The bar-tailed godwit is renowned for its ability to fly non-stop for up to 8 days covering over 12,000 kilometers during its migration from Alaska to New Zealand.
This feat not only showcases its incredible physical adaptations but also highlights its exceptional navigational skills, making it one of nature’s most impressive long-distance travelers.
Source: The Hindu
About Bar-tailed Godwit:
It is a large and strongly migratory wader in the family Scolopacidae.
It has distinctive red breeding plumage, long legs, and a long upturned bill.
It breeds on Arctic coasts and tundra from Scandinavia to Alaska, and overwinters on coasts in temperate and tropical regions of Australia and New Zealand.

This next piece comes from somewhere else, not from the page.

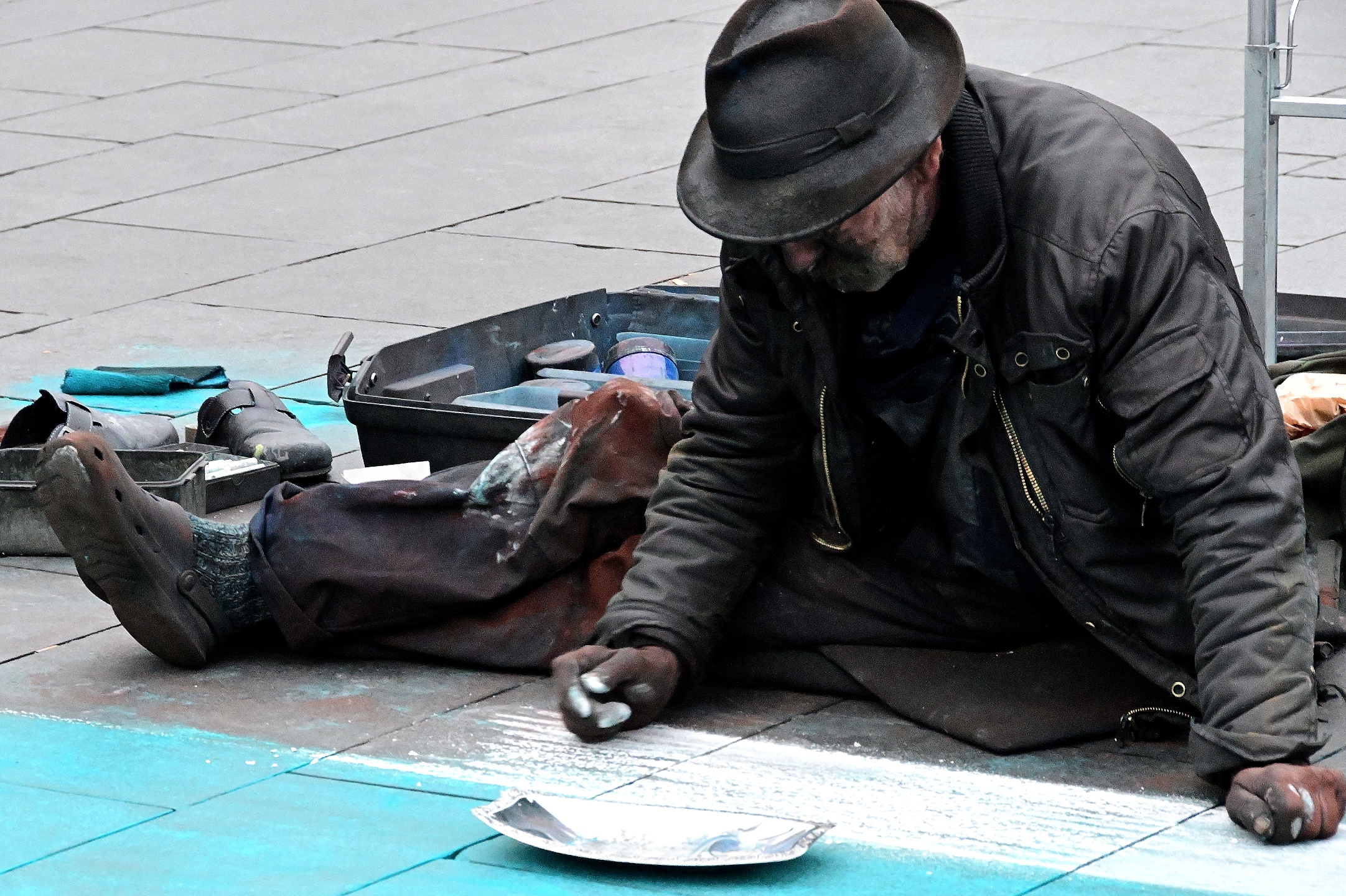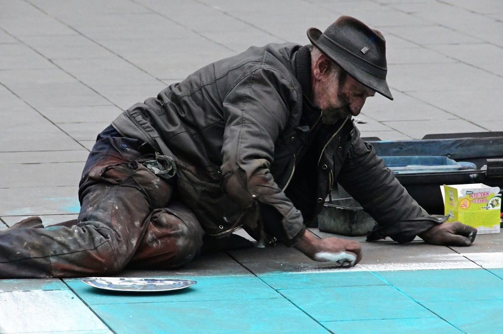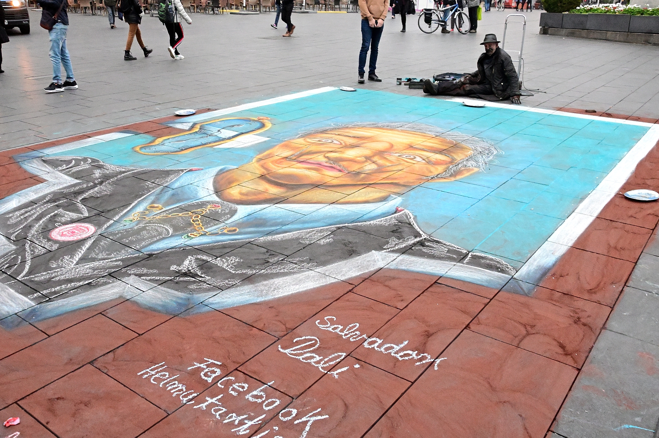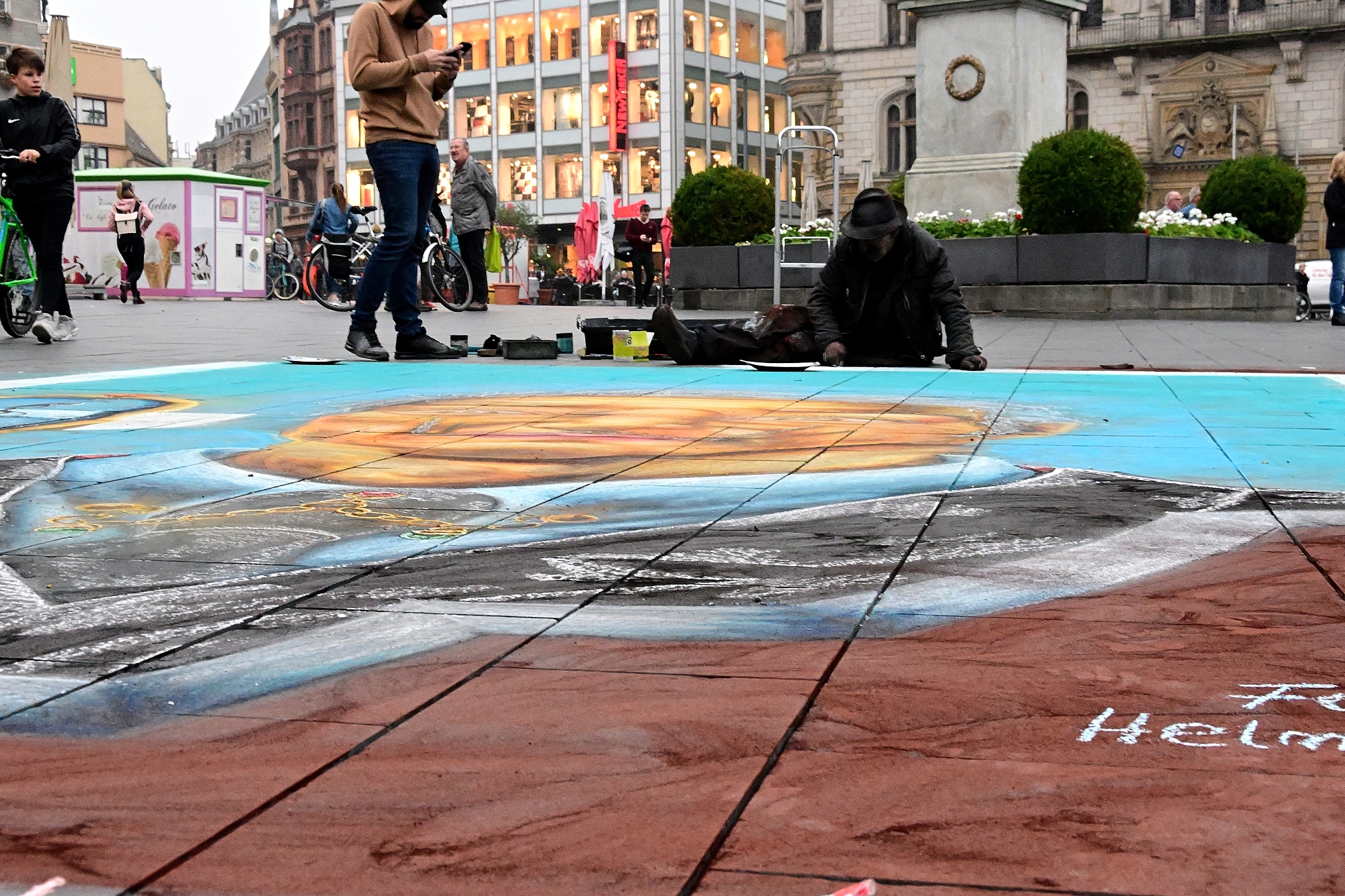 Es ist nicht sein erstes Kunstwerk, welches er auf dem Markt von Halle erschafft. Helmut Artiste, aus Groß Flöthe bei Niedersachsen [www.facebook.com/helmut.artiste], sucht sich dazu immer die schönsten und geeignetsten Plätze aus. Denn seine Kunstwerke, die er mit Kreiden aufträgt sind nicht nur ziemlich großflächig, sie haben auch kein langes Leben. Entweder der Regen wischt sie einfach weg oder die Menschen, die den Markt überqueren tragen sie mit ihrem Schuhwerk ab. Seine Werke sind also vergänglich, da braucht man als Künstler ein gehöriges Maß an Selbstbewusstsein, um sich immer wieder zu motivieren.

The migration of the subspecies Limosa lapponica baueri across the Pacific Ocean from Alaska to New Zealand is the longest known non-stop flight of any bird, and also the longest journey without pausing to feed by any animal.

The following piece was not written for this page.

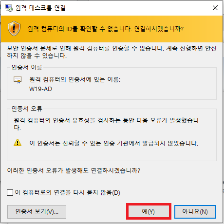 3.6. 인증서 문제가 발생 시 예(Y)를 누릅니다.

The round-trip migration for this subspecies is over 29,000 km.
Breeding:
It is a non-breeding migrant in Australia and New Zealand.
Birds first depart for their northern hemisphere breeding sites at age 2–4.
Breeding takes place each year in Scandinavia, northern Asia, and Alaska.
Both sexes share incubation of the eggs for 20 to 21 days, the male during the day and the female at night.
Its main source of food is bristle-worms, supplemented by small bivalves, crustaceans and shellfish on coastal mudflats and estuaries. In wet pastures, it eats invertebrates.
Male bar-tailed godwits are smaller than females and have shorter bills.
The status of the bar-tailed godwit is Near Threatened, and the population is declining.